### PROBLEM TO WORK ON
Pictures in the data below are not part of the copy; transcribe everything else exactly.

### DATASET EXTRACT
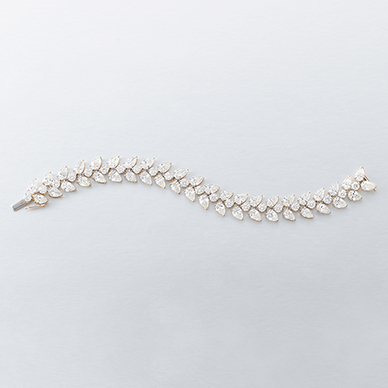 Designed as a flexible row of full-cut diamonds, bordered on each side by pear-shaped diamonds, mounted in gold.
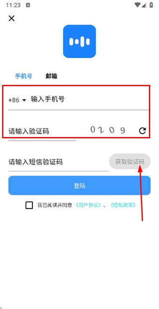2、在手机登录页面填写手机号和图片验证码,勾选协议后,点击获取验证码。
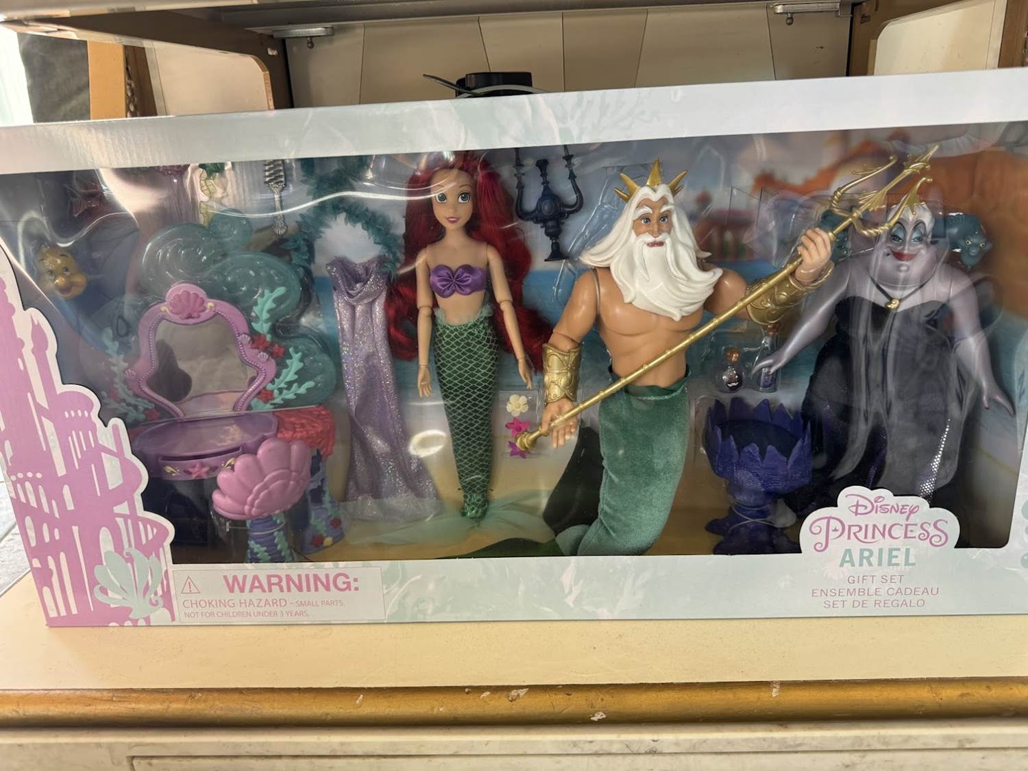 Ariel merchandise is still present, including a new set featuring an exclusive dress and a live-action Ariel doll now utilizing plastic-free packaging.

### WRITTEN RESPONSE
 Designed as a flexible row of full-cut diamonds, bordered on each side by pear-shaped diamonds, mounted in gold.
2、在手机登录页面填写手机号和图片验证码,勾选协议后,点击获取验证码。
 Ariel merchandise is still present, including a new set featuring an exclusive dress and a live-action Ariel doll now utilizing plastic-free packaging.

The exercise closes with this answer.